For New Year's Eve, the pair of friends watched TV after Jackson's three kids went to sleep. Lester said they too turned in before the midnight hour. "There was no one else around," said Lester, who left his wife and kids at home for this visit. The temporary house, for which Jackson is said to be paying between $70,000 and $100,000 a month, is "beautiful." Will Michael ever return to Neverland? "I think he will eventually," said Lester, who gave up show business and is an osteopath outside of London. "But he doesn't miss it right now. He feels like he's been violated."
Famed photographer Francesco Scavullo took a lot of amazing pictures over the years. But somehow back in the day he missed Bebe Buell when she was a Ford model and a Playboy playmate.
A few weeks ago the pair rectified this error in their careers when Scavullo shot Buell for the cover of a new magazine, Ceslie Style, which hits newsstands in March.
Sadly, Scavullo died this week at age 81. For Buell, it was bittersweet news. She will now be remembered as the last cover portrait taken by this remarkable and gifted artist. "He was my friend, and that was the most important thing," said Buell.
Buell told me: "Frank made all women look just gorgeous. His light, his energy and his love of women in general was his special combination. I am honored that I worked with him so recently. I will miss him so much."
Jesse Friedman (no relation to this writer), the central character in Andrew Jarecki's documentary, "Capturing the Friedmans," is taking action. He's filed a motion to overturn his 1988 conviction on charges that he and his father sexually abused children. Jesse served thirteen years for his crimes; his father died in prison.
"The exhaustive investigation done by the filmmakers in the course of making the film uncovered a tremendous amount of exonerating material. The prosecution had an obligation to share this information with me at the time they became aware of it, but they kept it secret from me and my lawyer. Had I known of this information before, I would have been able to use it at trial and prove my innocence. It is my hope that by presenting this information now, I will be able to overturn my conviction and clear my name."
In his 1000-page filing, Friedman alleges that the majority of the computer students interviewed by the police had no recollection of any abuse despite being visited by the police many times.
He also claims that the students who did provide testimony that they had been abused "had no recollection of such abuse until they had been subjected to up to five kinds of manipulative and suggestive questioning by the police — questioning methods now proven to cause false memories in children. For example:
— One of the computer students who became a key witness in the case, admitted that he did not remember any of the abuse he alleged, until after he was hypnotized, a technique proven to lead to false memories.

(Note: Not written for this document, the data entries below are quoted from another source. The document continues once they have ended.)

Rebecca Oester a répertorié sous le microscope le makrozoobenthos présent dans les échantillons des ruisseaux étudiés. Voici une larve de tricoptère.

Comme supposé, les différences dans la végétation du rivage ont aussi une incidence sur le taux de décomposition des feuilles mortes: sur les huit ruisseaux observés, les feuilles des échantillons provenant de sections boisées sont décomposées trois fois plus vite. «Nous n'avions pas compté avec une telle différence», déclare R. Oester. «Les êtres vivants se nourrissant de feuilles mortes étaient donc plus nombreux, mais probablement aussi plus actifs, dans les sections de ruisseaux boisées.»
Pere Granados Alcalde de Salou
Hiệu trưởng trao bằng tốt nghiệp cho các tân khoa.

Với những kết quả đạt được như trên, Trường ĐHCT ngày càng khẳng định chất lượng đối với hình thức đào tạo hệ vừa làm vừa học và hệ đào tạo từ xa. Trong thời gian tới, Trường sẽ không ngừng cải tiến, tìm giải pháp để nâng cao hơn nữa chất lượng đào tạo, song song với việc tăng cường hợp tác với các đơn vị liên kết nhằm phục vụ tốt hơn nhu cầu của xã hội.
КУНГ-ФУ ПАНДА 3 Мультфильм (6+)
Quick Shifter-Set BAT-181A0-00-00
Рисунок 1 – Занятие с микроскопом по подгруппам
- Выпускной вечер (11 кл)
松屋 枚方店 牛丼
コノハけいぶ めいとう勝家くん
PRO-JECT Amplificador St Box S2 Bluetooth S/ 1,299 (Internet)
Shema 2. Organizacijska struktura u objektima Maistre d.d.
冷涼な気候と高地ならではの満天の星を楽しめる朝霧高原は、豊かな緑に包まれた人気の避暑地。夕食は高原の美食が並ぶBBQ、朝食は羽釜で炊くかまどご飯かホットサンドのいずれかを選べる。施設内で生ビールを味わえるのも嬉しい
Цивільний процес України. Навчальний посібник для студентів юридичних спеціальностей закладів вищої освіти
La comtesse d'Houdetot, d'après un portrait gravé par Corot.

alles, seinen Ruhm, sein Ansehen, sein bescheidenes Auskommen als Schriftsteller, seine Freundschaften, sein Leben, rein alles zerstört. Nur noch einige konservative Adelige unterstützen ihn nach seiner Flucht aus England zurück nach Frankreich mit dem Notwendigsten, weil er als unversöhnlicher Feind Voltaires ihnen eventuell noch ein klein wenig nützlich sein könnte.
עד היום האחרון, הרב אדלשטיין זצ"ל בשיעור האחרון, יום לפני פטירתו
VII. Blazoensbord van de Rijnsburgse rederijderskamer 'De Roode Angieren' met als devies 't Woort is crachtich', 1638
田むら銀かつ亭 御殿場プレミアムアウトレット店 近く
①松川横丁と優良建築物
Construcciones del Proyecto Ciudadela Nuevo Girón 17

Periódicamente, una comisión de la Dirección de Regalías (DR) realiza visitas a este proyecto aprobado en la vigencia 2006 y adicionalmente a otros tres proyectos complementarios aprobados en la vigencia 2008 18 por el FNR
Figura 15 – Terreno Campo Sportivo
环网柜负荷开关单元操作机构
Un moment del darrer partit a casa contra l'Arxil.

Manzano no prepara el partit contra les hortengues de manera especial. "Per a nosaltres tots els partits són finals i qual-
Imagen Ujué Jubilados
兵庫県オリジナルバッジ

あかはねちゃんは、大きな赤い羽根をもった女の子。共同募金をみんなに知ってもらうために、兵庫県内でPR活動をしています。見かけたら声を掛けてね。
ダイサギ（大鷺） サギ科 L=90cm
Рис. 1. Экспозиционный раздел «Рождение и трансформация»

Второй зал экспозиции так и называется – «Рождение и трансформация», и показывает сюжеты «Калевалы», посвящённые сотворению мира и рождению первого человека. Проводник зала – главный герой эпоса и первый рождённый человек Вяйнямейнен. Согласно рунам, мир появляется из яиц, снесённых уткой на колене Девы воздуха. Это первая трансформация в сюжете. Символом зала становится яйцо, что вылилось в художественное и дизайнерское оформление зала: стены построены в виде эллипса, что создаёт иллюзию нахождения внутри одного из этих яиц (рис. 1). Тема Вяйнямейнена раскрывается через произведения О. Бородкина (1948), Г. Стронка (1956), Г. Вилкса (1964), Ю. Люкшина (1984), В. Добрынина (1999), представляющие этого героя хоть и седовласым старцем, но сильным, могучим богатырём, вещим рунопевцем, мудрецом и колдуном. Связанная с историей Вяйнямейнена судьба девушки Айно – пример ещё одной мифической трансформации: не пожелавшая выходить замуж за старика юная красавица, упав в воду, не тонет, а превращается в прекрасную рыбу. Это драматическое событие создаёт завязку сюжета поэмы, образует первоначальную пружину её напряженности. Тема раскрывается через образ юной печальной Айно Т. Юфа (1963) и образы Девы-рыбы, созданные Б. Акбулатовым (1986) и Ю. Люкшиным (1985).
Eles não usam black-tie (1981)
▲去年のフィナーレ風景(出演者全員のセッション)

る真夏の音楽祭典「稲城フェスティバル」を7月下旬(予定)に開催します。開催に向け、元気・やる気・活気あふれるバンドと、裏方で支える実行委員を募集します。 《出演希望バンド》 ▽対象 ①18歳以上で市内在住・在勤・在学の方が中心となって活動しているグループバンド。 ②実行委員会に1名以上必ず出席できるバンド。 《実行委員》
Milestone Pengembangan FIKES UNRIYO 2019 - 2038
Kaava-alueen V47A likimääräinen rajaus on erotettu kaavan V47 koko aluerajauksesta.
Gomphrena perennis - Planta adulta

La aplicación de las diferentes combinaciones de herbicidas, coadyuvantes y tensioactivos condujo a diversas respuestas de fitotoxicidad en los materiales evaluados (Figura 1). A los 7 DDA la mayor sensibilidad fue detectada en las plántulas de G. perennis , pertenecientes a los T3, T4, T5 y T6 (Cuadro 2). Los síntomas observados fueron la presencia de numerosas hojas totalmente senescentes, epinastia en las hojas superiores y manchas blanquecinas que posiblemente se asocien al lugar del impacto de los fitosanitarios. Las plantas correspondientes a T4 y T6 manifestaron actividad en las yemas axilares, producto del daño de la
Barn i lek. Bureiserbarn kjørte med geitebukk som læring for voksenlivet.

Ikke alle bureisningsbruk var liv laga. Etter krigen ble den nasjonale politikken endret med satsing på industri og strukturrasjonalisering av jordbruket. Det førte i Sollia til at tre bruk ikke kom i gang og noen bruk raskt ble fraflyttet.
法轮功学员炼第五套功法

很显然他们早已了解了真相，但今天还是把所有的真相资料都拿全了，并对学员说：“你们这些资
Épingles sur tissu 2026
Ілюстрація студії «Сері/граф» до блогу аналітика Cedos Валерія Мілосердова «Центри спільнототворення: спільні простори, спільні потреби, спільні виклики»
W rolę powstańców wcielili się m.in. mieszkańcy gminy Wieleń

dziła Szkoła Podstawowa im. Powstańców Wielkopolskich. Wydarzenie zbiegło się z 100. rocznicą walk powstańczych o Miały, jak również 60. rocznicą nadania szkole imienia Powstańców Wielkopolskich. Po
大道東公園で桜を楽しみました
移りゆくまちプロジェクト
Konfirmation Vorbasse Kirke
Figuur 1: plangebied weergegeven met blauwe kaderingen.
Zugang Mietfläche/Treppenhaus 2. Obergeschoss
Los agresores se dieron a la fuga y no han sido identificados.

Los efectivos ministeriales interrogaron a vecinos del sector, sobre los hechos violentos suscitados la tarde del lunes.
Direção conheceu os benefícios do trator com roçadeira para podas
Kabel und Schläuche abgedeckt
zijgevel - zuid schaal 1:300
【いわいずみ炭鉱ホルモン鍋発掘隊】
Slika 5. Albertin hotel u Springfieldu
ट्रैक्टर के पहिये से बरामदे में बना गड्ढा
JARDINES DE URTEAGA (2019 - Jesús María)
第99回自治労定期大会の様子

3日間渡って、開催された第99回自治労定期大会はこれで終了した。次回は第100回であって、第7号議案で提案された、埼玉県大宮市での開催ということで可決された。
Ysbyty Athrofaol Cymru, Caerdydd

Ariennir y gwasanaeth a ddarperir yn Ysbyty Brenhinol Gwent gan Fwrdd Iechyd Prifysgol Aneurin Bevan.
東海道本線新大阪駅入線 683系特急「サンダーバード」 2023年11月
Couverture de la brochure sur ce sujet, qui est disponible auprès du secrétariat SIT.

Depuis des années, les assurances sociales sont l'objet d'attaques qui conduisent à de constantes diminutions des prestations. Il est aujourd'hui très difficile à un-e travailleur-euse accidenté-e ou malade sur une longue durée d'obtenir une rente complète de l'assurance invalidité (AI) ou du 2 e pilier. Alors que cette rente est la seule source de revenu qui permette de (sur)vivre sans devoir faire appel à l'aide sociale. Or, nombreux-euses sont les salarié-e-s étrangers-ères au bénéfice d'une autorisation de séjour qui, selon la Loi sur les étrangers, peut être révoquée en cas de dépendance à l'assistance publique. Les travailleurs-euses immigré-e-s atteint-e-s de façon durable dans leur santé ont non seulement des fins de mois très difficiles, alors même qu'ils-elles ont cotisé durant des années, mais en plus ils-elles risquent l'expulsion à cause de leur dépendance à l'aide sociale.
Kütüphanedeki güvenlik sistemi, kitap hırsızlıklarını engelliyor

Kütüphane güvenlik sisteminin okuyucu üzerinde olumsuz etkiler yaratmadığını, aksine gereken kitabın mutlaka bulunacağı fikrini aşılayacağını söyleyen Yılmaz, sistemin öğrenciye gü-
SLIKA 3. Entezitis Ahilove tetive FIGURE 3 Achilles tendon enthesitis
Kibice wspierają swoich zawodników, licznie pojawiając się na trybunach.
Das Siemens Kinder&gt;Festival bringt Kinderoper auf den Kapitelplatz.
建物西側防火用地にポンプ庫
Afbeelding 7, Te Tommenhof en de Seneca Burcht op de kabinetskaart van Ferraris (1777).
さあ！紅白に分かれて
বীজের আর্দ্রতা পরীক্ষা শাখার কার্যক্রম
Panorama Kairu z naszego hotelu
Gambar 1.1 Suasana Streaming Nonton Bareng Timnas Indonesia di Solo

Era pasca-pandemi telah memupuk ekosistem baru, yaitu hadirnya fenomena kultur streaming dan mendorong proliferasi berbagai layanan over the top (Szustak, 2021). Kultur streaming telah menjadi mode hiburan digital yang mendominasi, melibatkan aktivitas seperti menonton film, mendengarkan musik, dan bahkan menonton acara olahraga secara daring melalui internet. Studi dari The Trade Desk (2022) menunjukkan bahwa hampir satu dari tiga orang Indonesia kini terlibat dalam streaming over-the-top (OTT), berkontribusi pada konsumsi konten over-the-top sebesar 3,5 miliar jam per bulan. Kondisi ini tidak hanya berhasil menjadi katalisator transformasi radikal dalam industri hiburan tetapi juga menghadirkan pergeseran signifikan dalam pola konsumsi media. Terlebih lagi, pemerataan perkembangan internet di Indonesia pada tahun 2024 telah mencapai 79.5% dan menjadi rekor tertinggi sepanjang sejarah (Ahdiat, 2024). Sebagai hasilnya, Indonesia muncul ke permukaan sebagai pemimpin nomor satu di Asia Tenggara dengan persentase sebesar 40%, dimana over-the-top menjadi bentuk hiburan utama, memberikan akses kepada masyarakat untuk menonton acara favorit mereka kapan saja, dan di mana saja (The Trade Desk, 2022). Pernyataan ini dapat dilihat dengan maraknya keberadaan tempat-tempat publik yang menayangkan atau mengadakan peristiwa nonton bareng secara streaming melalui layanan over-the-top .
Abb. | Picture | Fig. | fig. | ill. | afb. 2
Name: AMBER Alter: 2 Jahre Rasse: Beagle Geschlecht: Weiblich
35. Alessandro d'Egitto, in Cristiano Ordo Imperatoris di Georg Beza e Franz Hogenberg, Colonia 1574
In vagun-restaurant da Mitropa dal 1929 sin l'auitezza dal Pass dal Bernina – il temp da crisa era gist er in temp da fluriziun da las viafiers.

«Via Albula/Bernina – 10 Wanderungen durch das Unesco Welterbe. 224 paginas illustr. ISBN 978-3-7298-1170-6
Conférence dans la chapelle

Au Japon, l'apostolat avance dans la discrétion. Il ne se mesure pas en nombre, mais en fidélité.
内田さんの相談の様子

— Police detectives admit to having provided the students with incentives to encourage them to provide testimony, including in one case having pizza parties, and offering to deputize cooperative children.
— One detective admits to visiting a student 15 separate times in order to finally procure incriminating testimony despite the child's consistent statement that he had not been abused.
— A number of computer students admit to having provided false testimony in order to end the questioning and that they actually did not experience the abuse to which they had testified to.
— One team of detectives, in a tape-recorded interview, told one of the computer students who was adamantly insisting that he had not been abused, that he might become a homosexual if he did not admit to the abuse."